WORK TO BE COMPLETED: What you return must match the records word for word, except that images are dropped.

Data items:
--

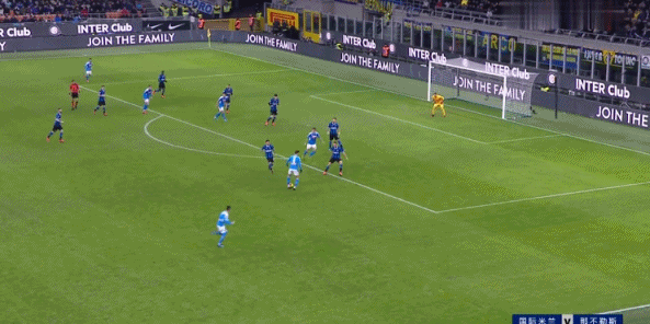 第86分钟,劳塔罗抽射攻门被防守球员封堵出禁区,埃里克森跟上远射偏出底线。第90分钟,比拉吉左路传中,后点接应的丹布罗西奥摔倒,主裁判示意比赛继续。最终那不勒斯1-0小胜国米。
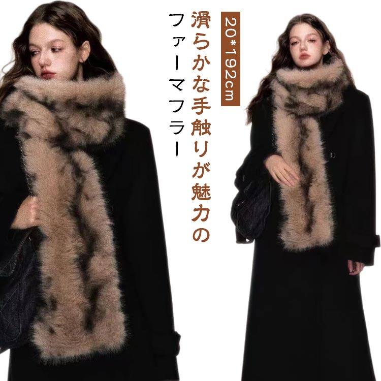 滑らかな手触りが魅力のファーマフラーふわふわなめらかなファーでコーディにぐっと華やかでリッチな雰囲気を与えてくれます。暖かさボリューム抜群!小顔効果も◎大判サイズ、さまざまなアレンジや巻き方が楽しめます♪極上ふわふわ、顔まわり華やか!1秒装着で忙しい朝も暖かい♪ サイズ 20*192cm サイズについての説明 20*192cm ※サイズ表の実寸法は商品によって1-2cm程度の誤差がある場合がございます。 素材 フェイクファ...[詳細を見る]
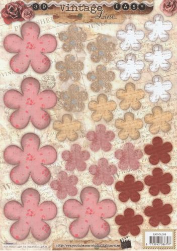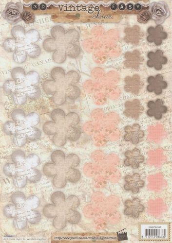 Art.code: EASY-356 Flowers Vintage - 3 D A4 Step by Step Die Cut She...Flowers Vintage - 3 D A4 Step by Step Die Cut Sheet Size: A4 - 21 x 29,7cm - 8.3 x 11.7in A4 Sheet on good quality white paper1 Sheet in A4 Hanger Bag With clear step by step description Acid-free an... Read moreMore infomation -
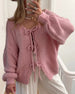 Lazy style solid color lace-up cardigan
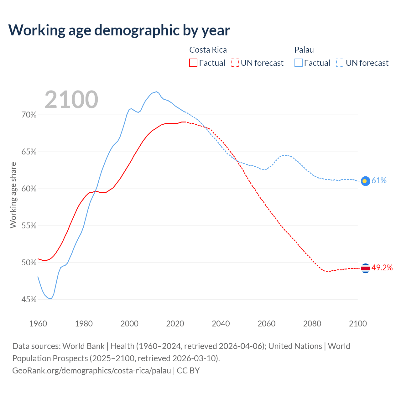 - Costa Rica has 3.57M working age adults (aged 15-64) vs 12.4K in Palau.
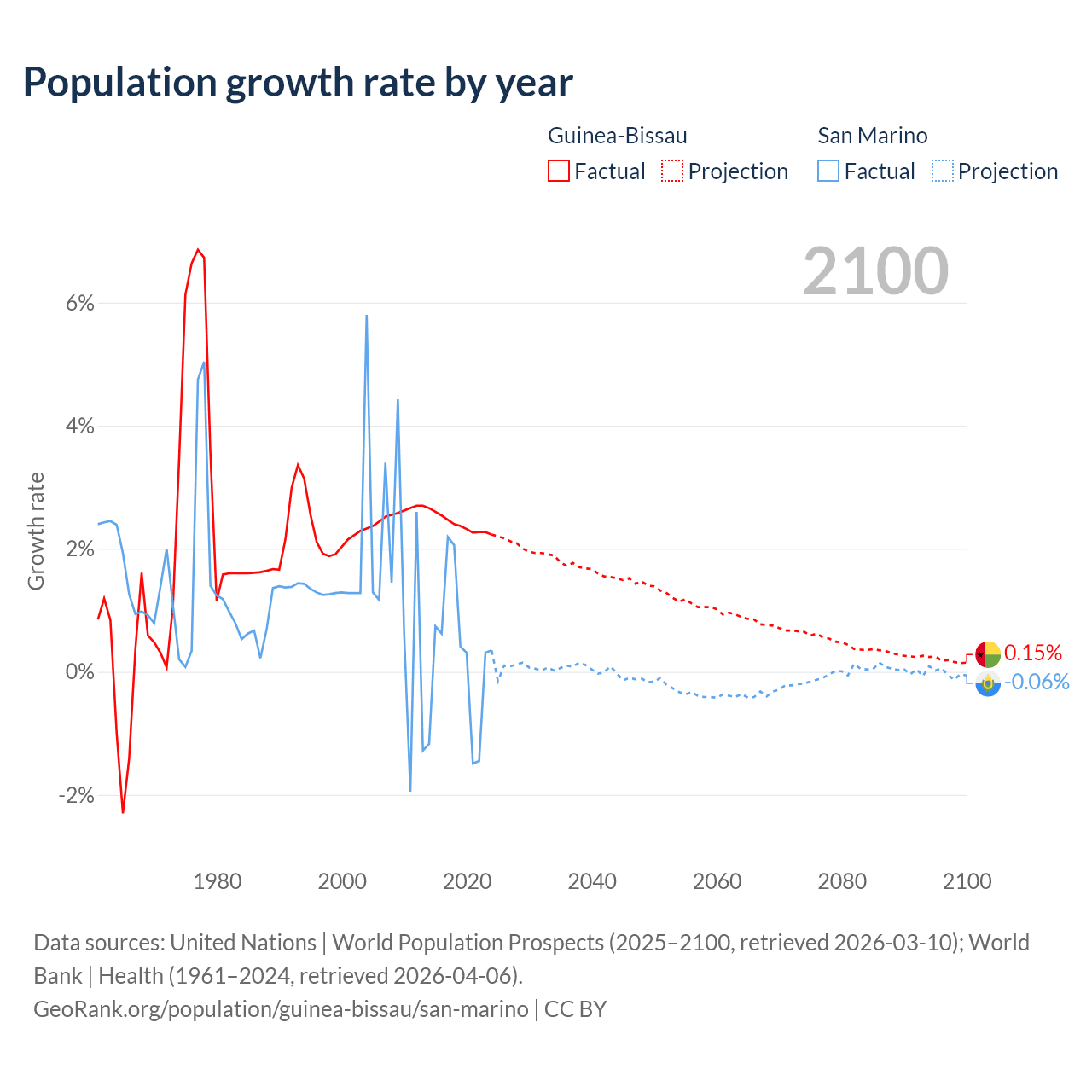 - For the last 10 years, Guinea-Bissau has had an average growth rate of +2.4% per year vs +0.26% in San Marino.
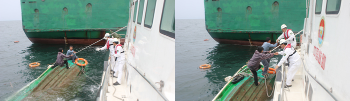 1350时,“南海救302”寻获翻扣渔船,并将2名在翻扣船底上的遇险渔民救上救助艇,及时给予充饥及饮水。1510时“南海救302”抵靠基地码头,将2名获救渔民送交其家属。
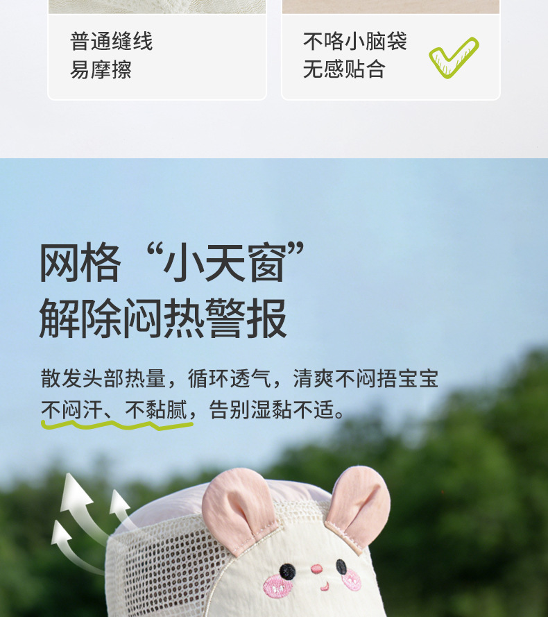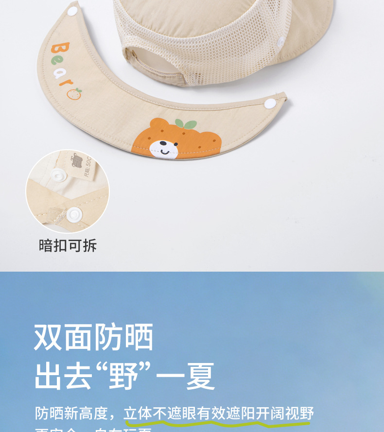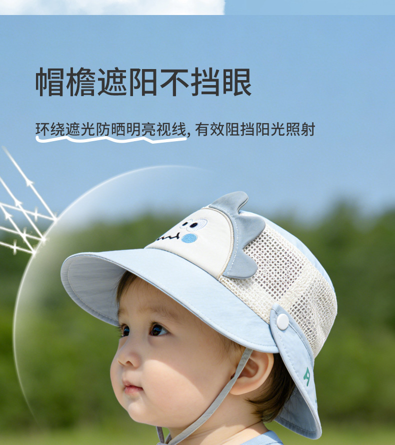 【纯棉面料❗️太阳帽】宝宝帽子春夏薄款小月龄儿童可拆卸遮阳帽渔夫帽太阳帽网格。ya
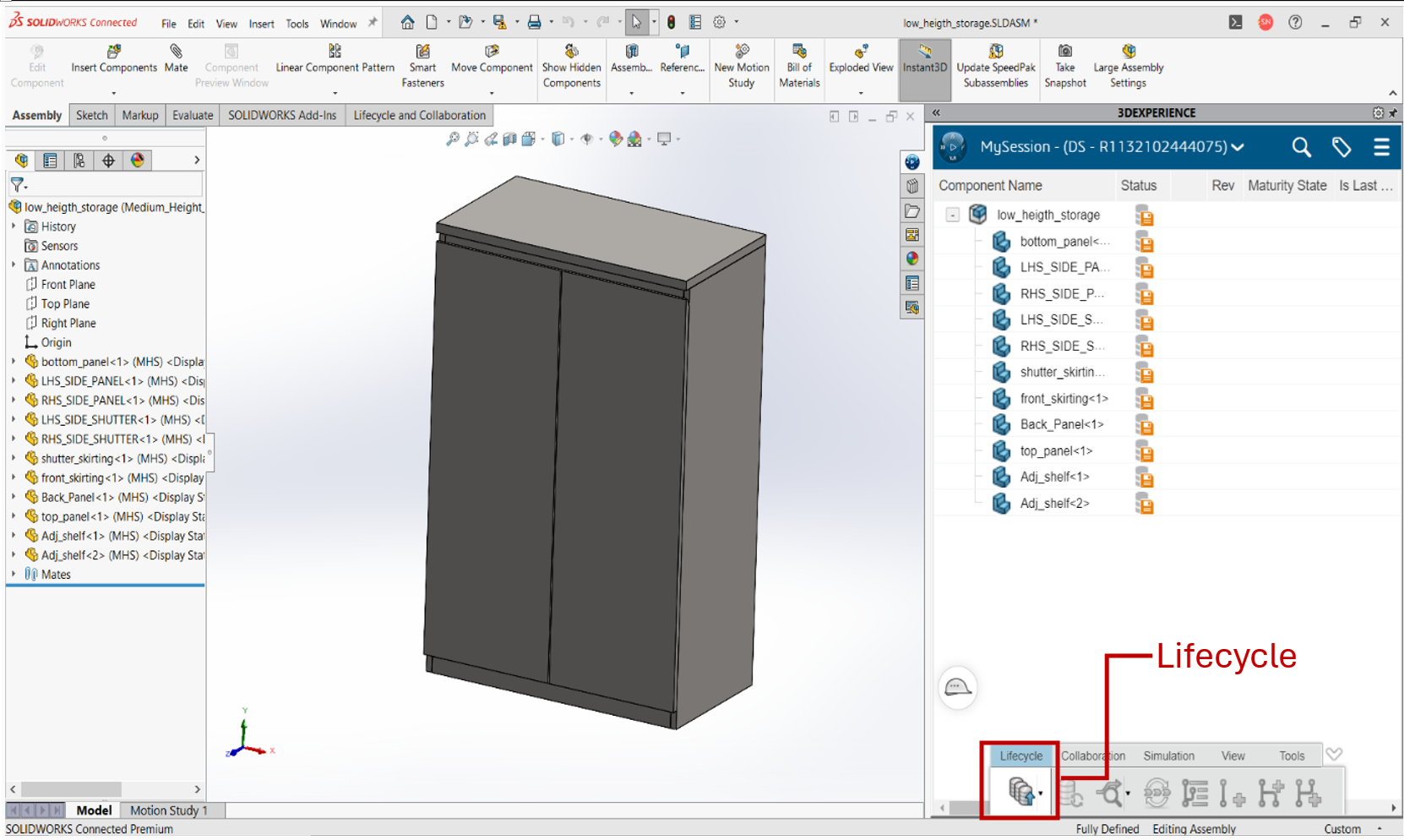 Click on the assembly or part so that the Lifecycle options will be highlighted.

--

RESPONSE BOX:
 第86分钟,劳塔罗抽射攻门被防守球员封堵出禁区,埃里克森跟上远射偏出底线。第90分钟,比拉吉左路传中,后点接应的丹布罗西奥摔倒,主裁判示意比赛继续。最终那不勒斯1-0小胜国米。
 滑らかな手触りが魅力のファーマフラーふわふわなめらかなファーでコーディにぐっと華やかでリッチな雰囲気を与えてくれます。暖かさボリューム抜群!小顔効果も◎大判サイズ、さまざまなアレンジや巻き方が楽しめます♪極上ふわふわ、顔まわり華やか!1秒装着で忙しい朝も暖かい♪ サイズ 20*192cm サイズについての説明 20*192cm ※サイズ表の実寸法は商品によって1-2cm程度の誤差がある場合がございます。 素材 フェイクファ...[詳細を見る]
 Art.code: EASY-356 Flowers Vintage - 3 D A4 Step by Step Die Cut She...Flowers Vintage - 3 D A4 Step by Step Die Cut Sheet Size: A4 - 21 x 29,7cm - 8.3 x 11.7in A4 Sheet on good quality white paper1 Sheet in A4 Hanger Bag With clear step by step description Acid-free an... Read moreMore infomation -
 Lazy style solid color lace-up cardigan
 - Costa Rica has 3.57M working age adults (aged 15-64) vs 12.4K in Palau.
 - For the last 10 years, Guinea-Bissau has had an average growth rate of +2.4% per year vs +0.26% in San Marino.
 1350时,“南海救302”寻获翻扣渔船,并将2名在翻扣船底上的遇险渔民救上救助艇,及时给予充饥及饮水。1510时“南海救302”抵靠基地码头,将2名获救渔民送交其家属。
 【纯棉面料❗️太阳帽】宝宝帽子春夏薄款小月龄儿童可拆卸遮阳帽渔夫帽太阳帽网格。ya
 Click on the assembly or part so that the Lifecycle options will be highlighted.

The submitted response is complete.